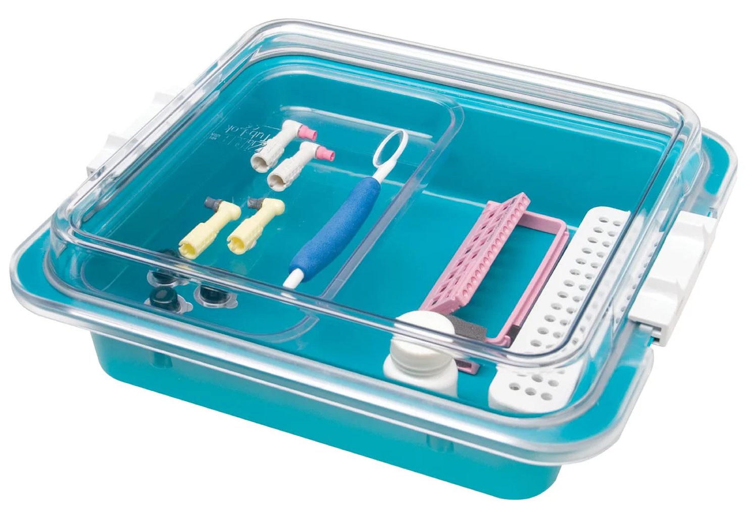 A complete system of tubs, trays, and accessories designed to organize instruments and materials by procedure, using vibrant color coding to simplify setup and reduce errors.
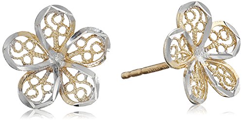 -. Title : 14k Gold Two-Tone Flower Earrings
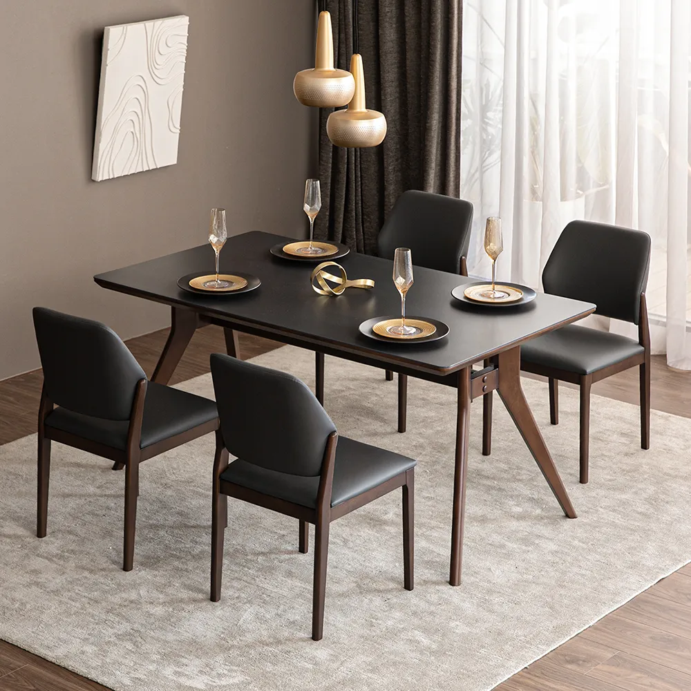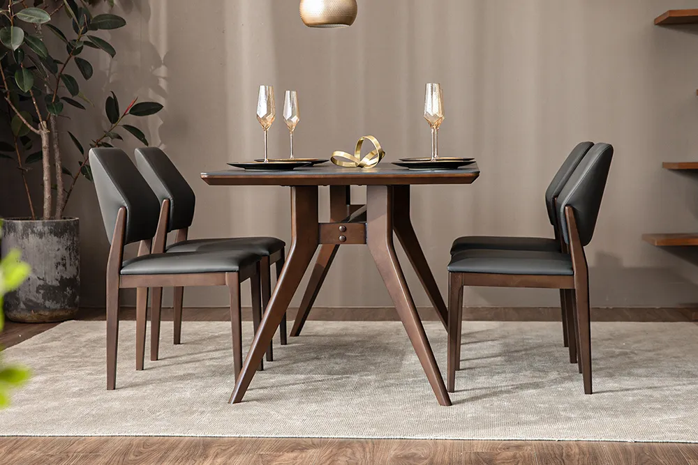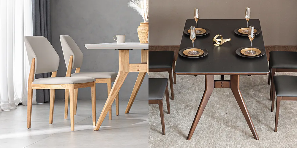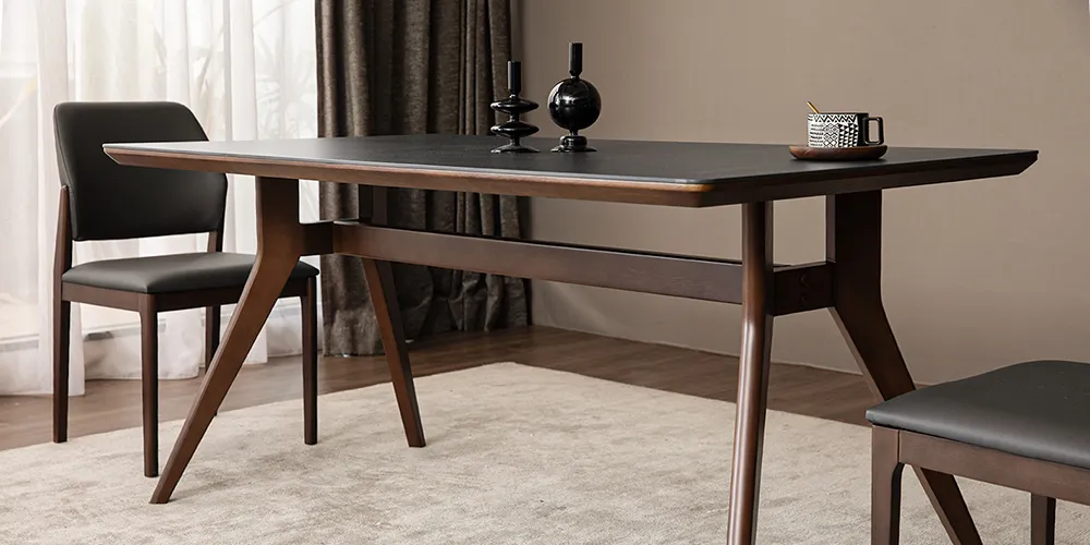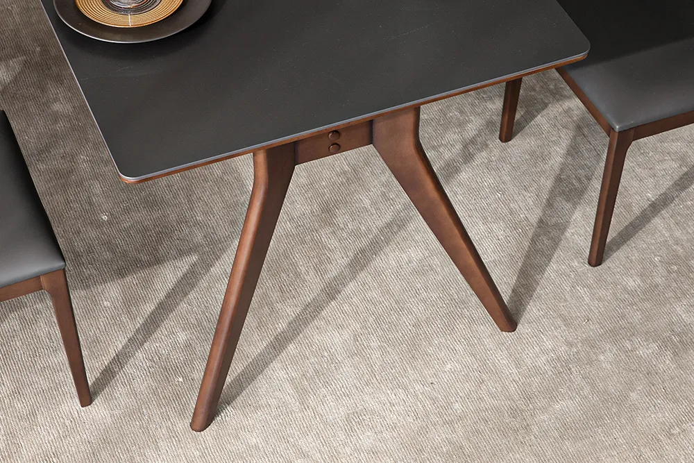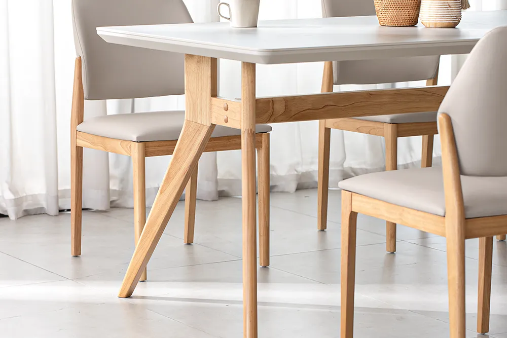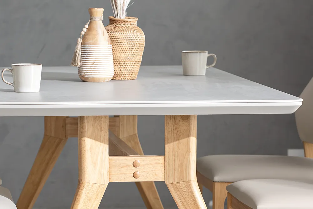 繊細な石目の質感を再現したセラミック天板に、優しい木目のウッド調レッグを合わせ、絶妙なツートンデザインに仕上げました。無駄な装飾を排除したフラットな天板はテーブルトップの素材感を強調し、軽やかな印象を与えます。
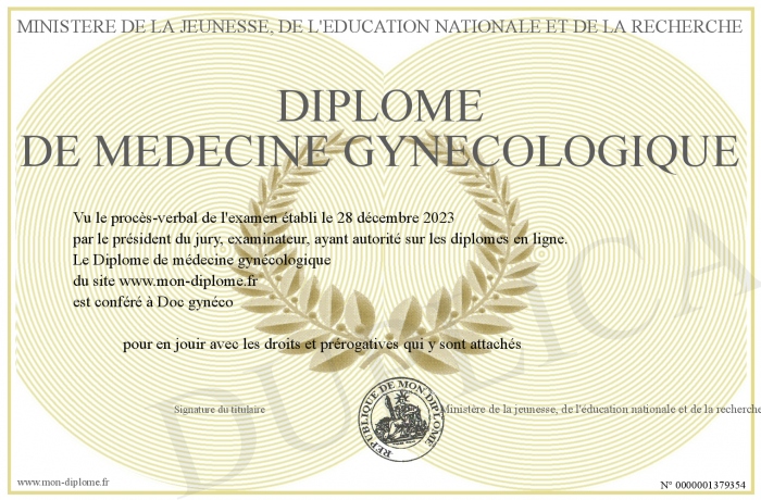 Envoyez par email votre Diplôme de médecine gynécologique personalisé
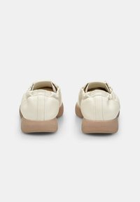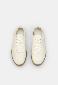 Valged nahast tossud ümarate ninaosade, paelaknööpide ja elastse kraega. Tan-värvi tekstureeritud kummist tald. Minimalistlik disain.
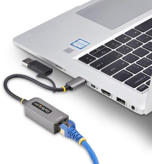 Add an Ethernet port to a USB-C or USB-A computer supporting up to Gigabit speeds w/autonegotiation for 10/100/1000Mbps BASE-T Networks; Built-in 6in/15cm cable; Status LEDs; Bus powered; Windows/MacOS/iOS/ChromeOS; Realtek RTL8153B; 9K Jumbo Frames
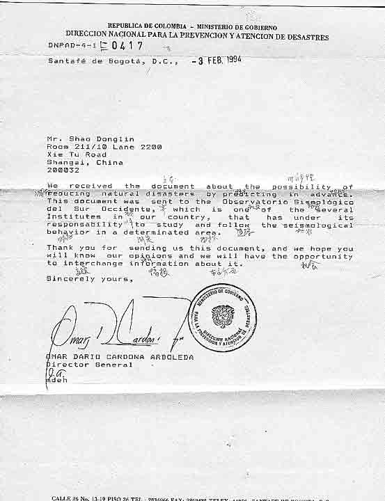 哥仑比亚总统府回信
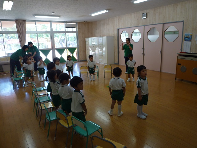 ピッコロタイムでは、季節のうた「とんぼのめがね」を歌いました。幼稚園の園庭にもたくさんのとんぼが飛び始めました。
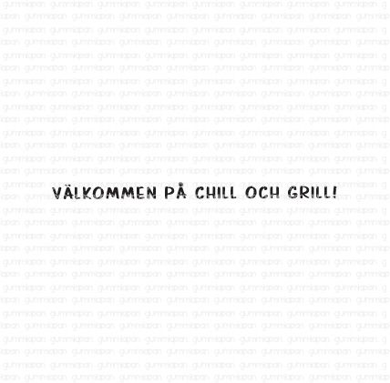 Välkommen på chill och grill-stämpel från Gummiapan ca 75x5 mm
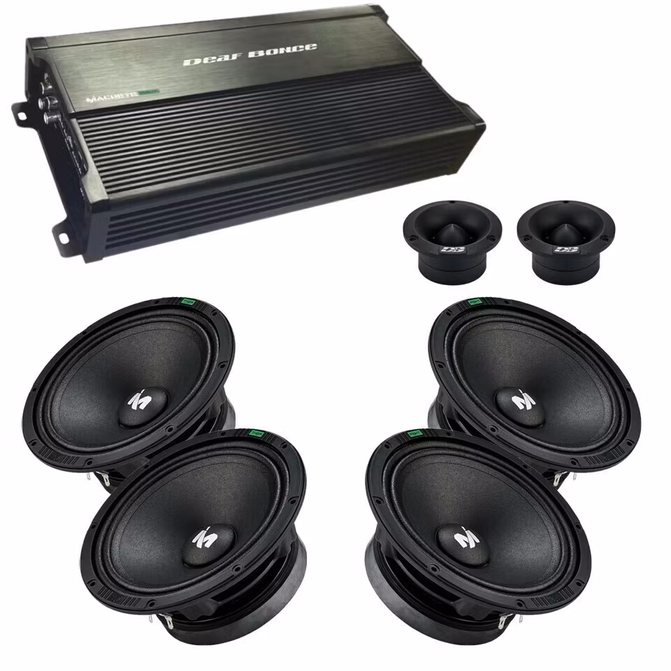 Machete Fight 60 Kit är det perfekta valet för dig som söker ett ljudsystem med kraftfull midbass och extremt tydlig diskant. Med två par Machete Fight 60 midbass-högtalare och ett par Deaf Bonce AT-32 diskanter får du en ljudupplevelse med djup, tryck och exceptionell detaljrikedom.
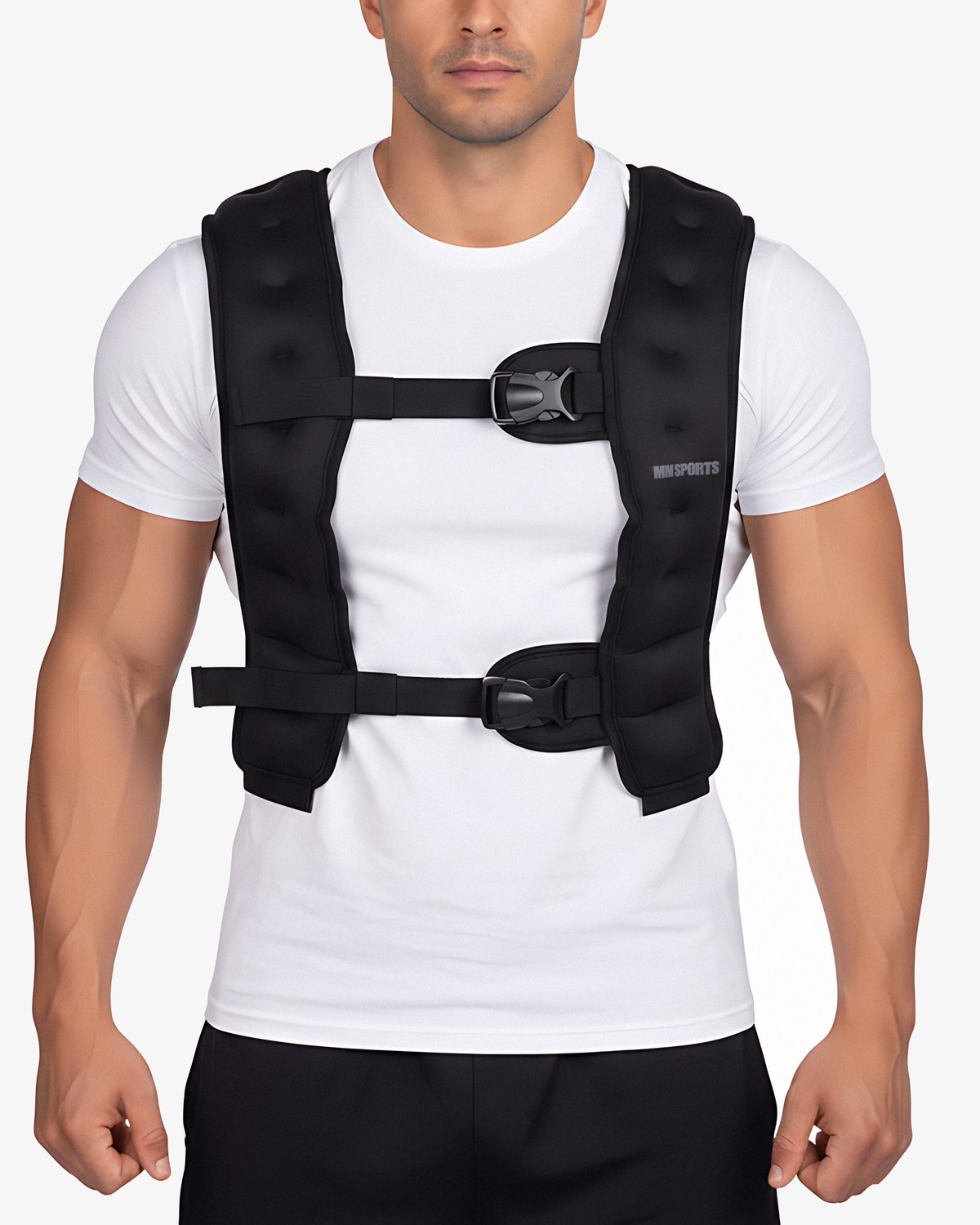 Med MM Sports viktväst kan du märkbart förbättra båda styrka och kondition. Träningsvästen går med hjälp av spännen att anpassa efter just din kroppsstorlek och är perfekt som extra vikt när du springer, cyklar eller vid styrkeövningar som tex armhävningar, dips, utfallssteg etc
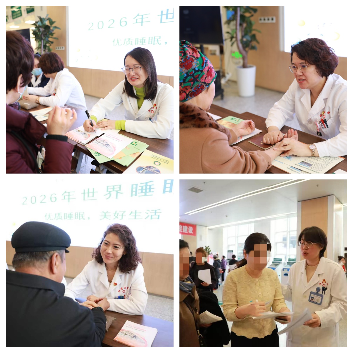 紧扣两大健康主题,义诊现场同步开展互动式健康宣教。在世界社工日宣传区,社工通过典型案例分享,生动展现医务社工在医患沟通、资源链接中的桥梁作用,增进群众对“医社融合”服务的理解与认同;在世界睡眠日宣传区,医护人员通过科普展板、趣味问答等形式,纠正“打呼噜就是睡得香”等常见误区,倡导规律作息、科学睡眠的健康生活方式,实现“服务+科普”双效合一。
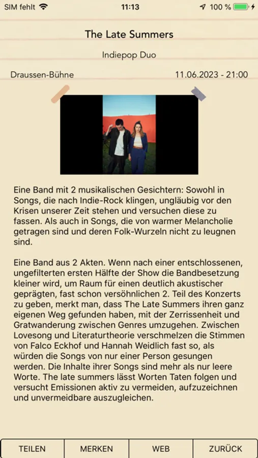 Neben einer klaren Programmübersicht, geordnet nach Tagen und Bühnen, hat man die Möglichkeit, seine Highlights einfach in einen Merkzettel einzutragen oder per Mail an Freunde zu schicken oder in anderen sozialen Medien zu teilen. Links zu den Band-Websites stellen auch noch weitergehende Informationen zur Verfügung.
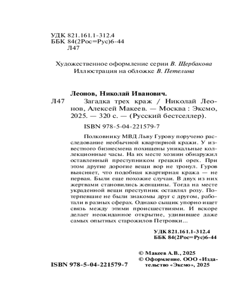 Серия: Русский бестселлер (обложка) Полковнику МВД Льву Гурову поручено расследование необычной квартирной кражи. У известного бизнесмена похищены уникальные коллекционные часы. На их месте хозяин обнаружил оставленный преступником грецкий орех. При этом другие дорогие вещи вор не тронул. Гуров выясняет, что подобная квартирная кража — не первая. Были еще похожие случаи. В двух из них жертвами становились женщины. Тогда на месте украденной вещи преступник оставлял розу. Потерпевшие не были знакомы друг с другом, работали в разных сферах. Однако сыщик упорно ищет связь между этими происшествиями. И вскоре делает неожиданное открытие, удивившее даже самых опытных старожилов Петровки... |
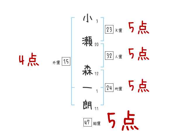 小瀬森一朗さんの外運は15画の4つ星
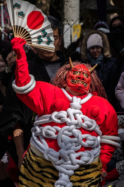 鬼まつりです。ケーブルテレビのカメラマンが小鬼にカメラを向けたところ、小鬼はしっかりポーズを決めている感じでしたので、そこを狙ってみました。

## TASK INSTRUCTIONS
When you reach the line with "Add an Ethernet" in the records above, begin repeating the lines exactly, and stop after the line with "Välkommen på chill". Skip all pictures.

## OUTPUT BELOW
 Add an Ethernet port to a USB-C or USB-A computer supporting up to Gigabit speeds w/autonegotiation for 10/100/1000Mbps BASE-T Networks; Built-in 6in/15cm cable; Status LEDs; Bus powered; Windows/MacOS/iOS/ChromeOS; Realtek RTL8153B; 9K Jumbo Frames
 哥仑比亚总统府回信
 ピッコロタイムでは、季節のうた「とんぼのめがね」を歌いました。幼稚園の園庭にもたくさんのとんぼが飛び始めました。
 Välkommen på chill och grill-stämpel från Gummiapan ca 75x5 mm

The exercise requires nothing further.